Assigned task ▸ Working from the data below, write out exactly the lines from its first through the line that contains "Chaqueta acolchada con", both ends included and pictures omitted.

Material for this task ▸
BEGIN

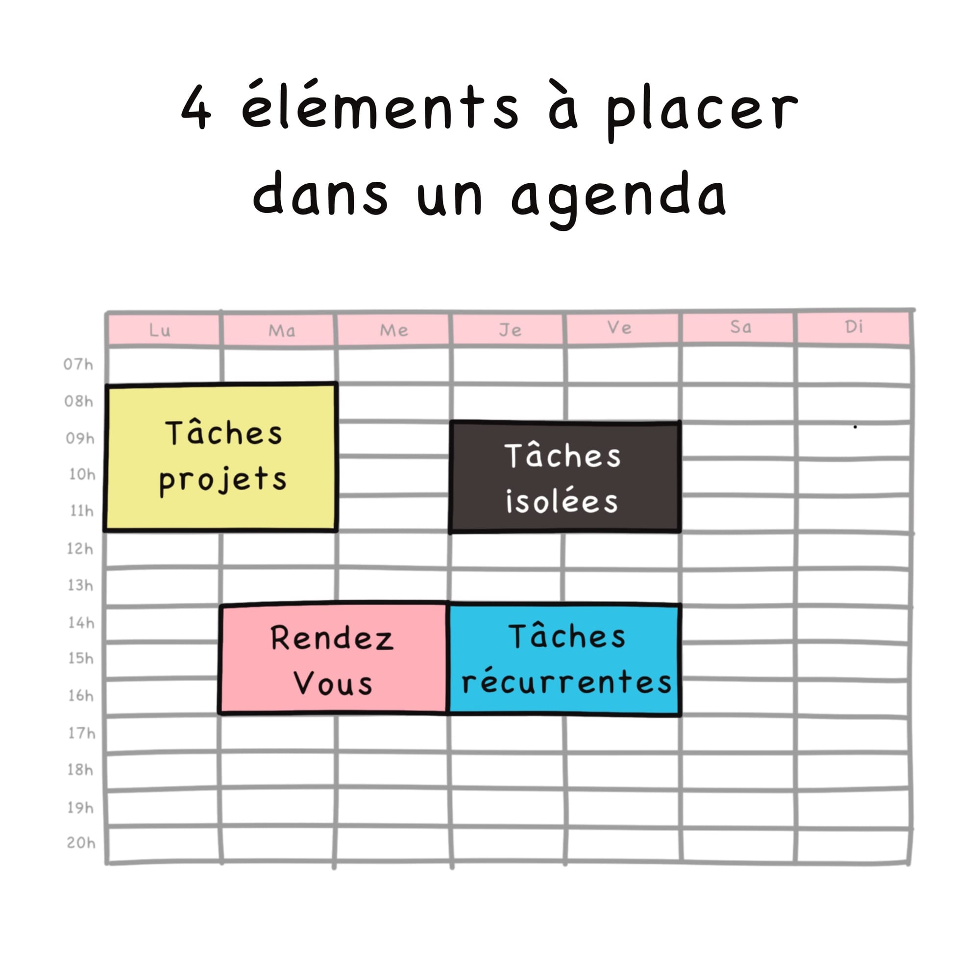 Et ensuite vous avez un seul agenda dans lequel vous inscrivez 4 éléments :
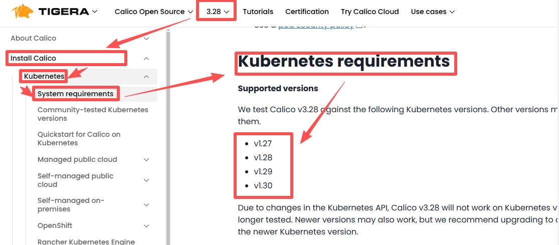如下图我们就可以看到calico3.28兼容K8S的1.28版本
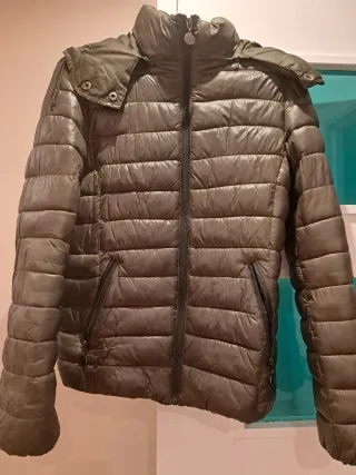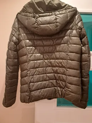 Chaqueta acolchada con capucha, ideal para el frío. - Cierre de cremallera. - Bolsillos laterales con cremallera. - Puños elásticos.
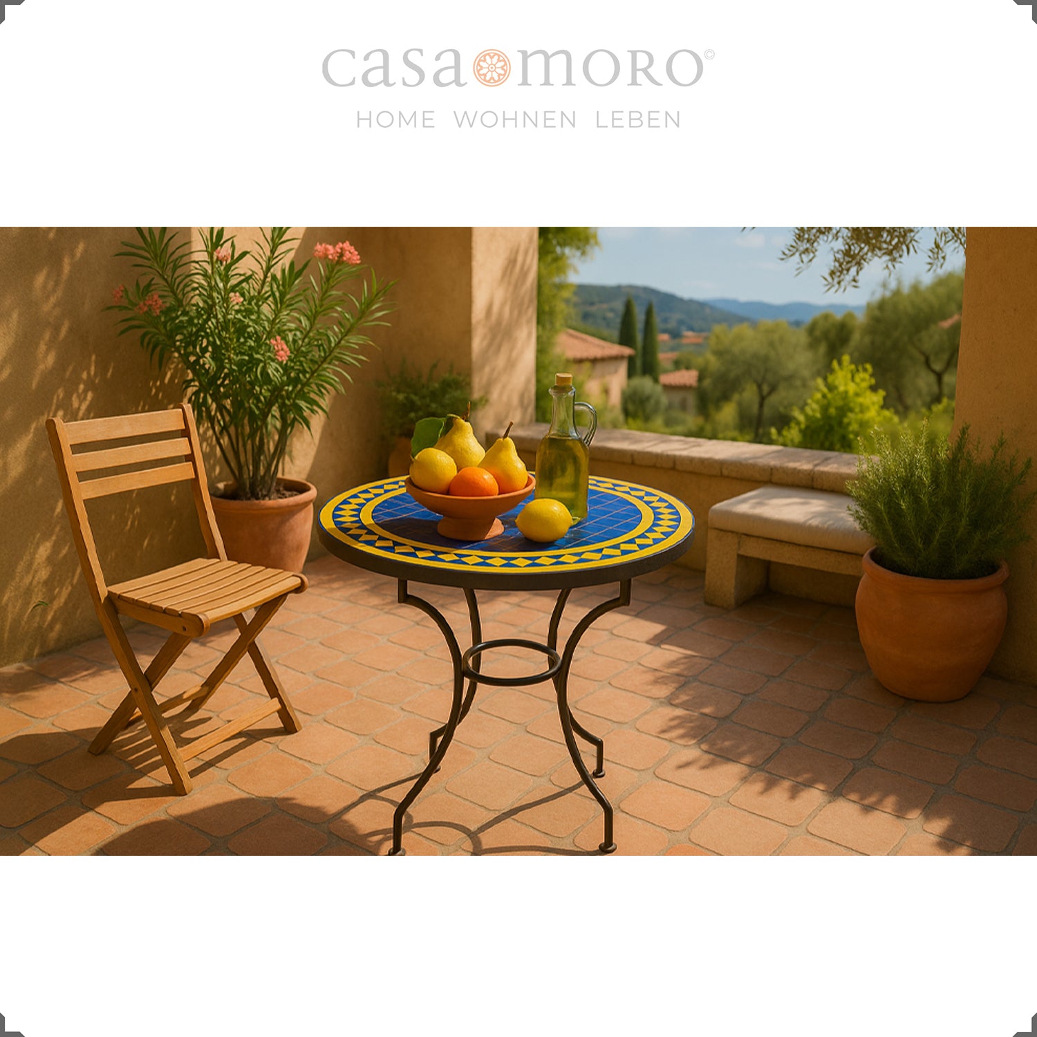 Die Mosaikplatte (ca. 18 kg) wird in Marokko handgefertigt und liegt stabil, aber ohne Verschraubung auf dem geschwungenen Metallgestell. So lässt sich der Tisch flexibel umstellen – ob im Wohnzimmer, auf der Terrasse oder als farbiger Akzent in der Küche.
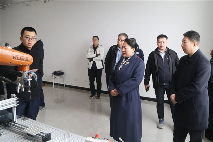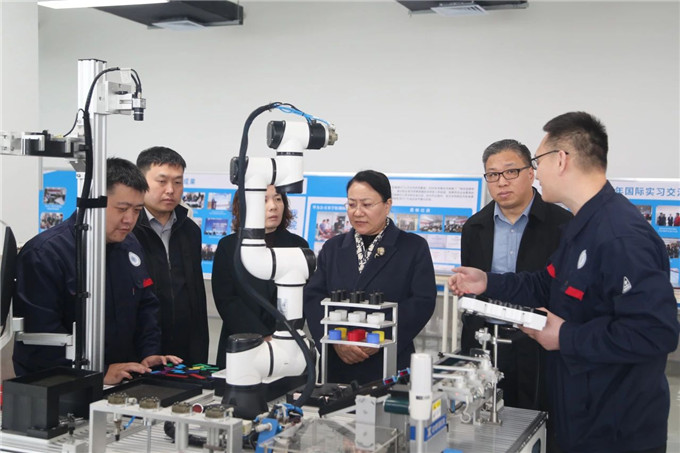 隨后,調(diào)研組來(lái)到中德合作實(shí)訓(xùn)基地,實(shí)地觀摩了數(shù)控加工、工業(yè)機(jī)器人等現(xiàn)代化實(shí)訓(xùn)車間。崔欣院長(zhǎng)表示,中德合作項(xiàng)目通過(guò)引入德國(guó)“雙元制”教學(xué)模式和行業(yè)標(biāo)準(zhǔn),已培養(yǎng)出一批高技能應(yīng)用型人才,并特別感謝楊偉坤院長(zhǎng)在項(xiàng)目申報(bào)、資源對(duì)接等方面給予的關(guān)注和支持。
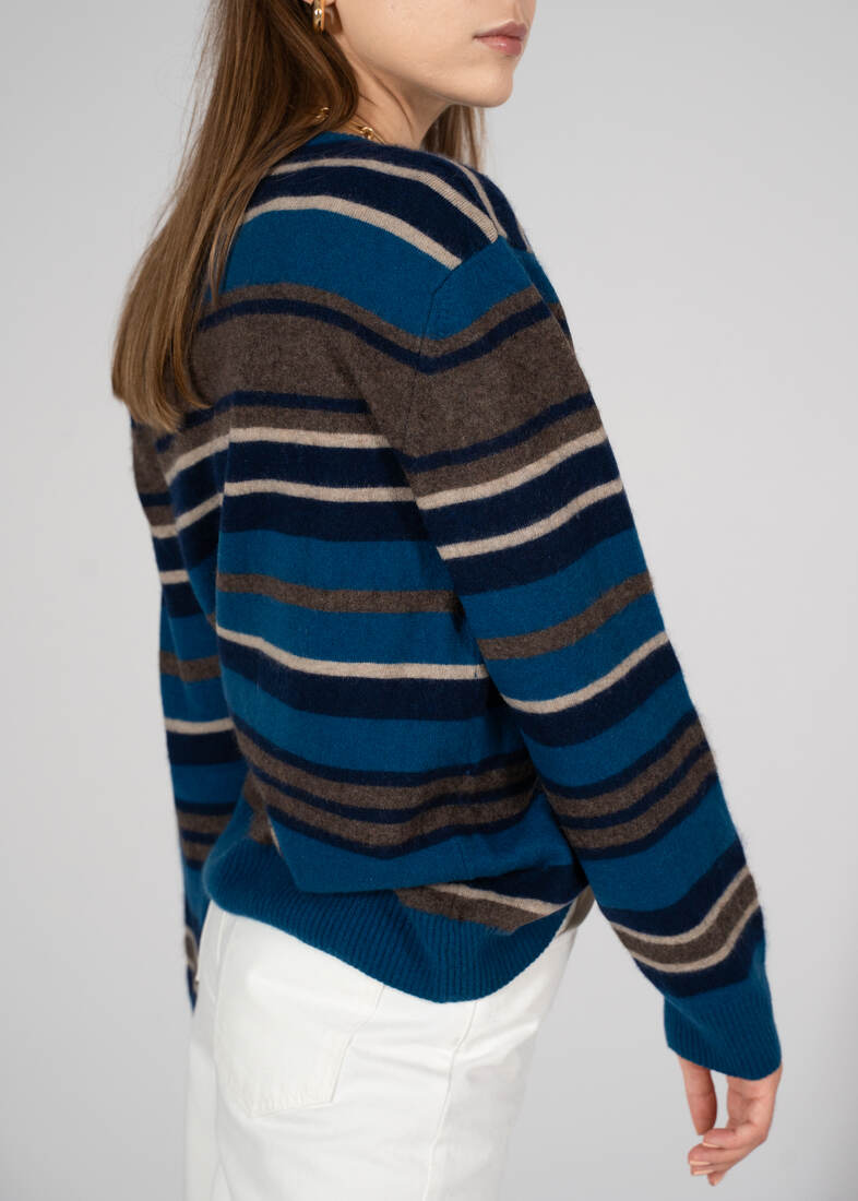 Przepiękny wełniany sweter brytyjskiej marki WoolOvers. Rewelacyjny skład 70% merino wool, 30% kaszmir, jest miękki i milutki w dotyku. Rękawy i dół wykończone dłuższym ściągaczem. Rozmiar z metki S, idealny stan.

END

Your response ▸
 Et ensuite vous avez un seul agenda dans lequel vous inscrivez 4 éléments :
如下图我们就可以看到calico3.28兼容K8S的1.28版本
 Chaqueta acolchada con capucha, ideal para el frío. - Cierre de cremallera. - Bolsillos laterales con cremallera. - Puños elásticos.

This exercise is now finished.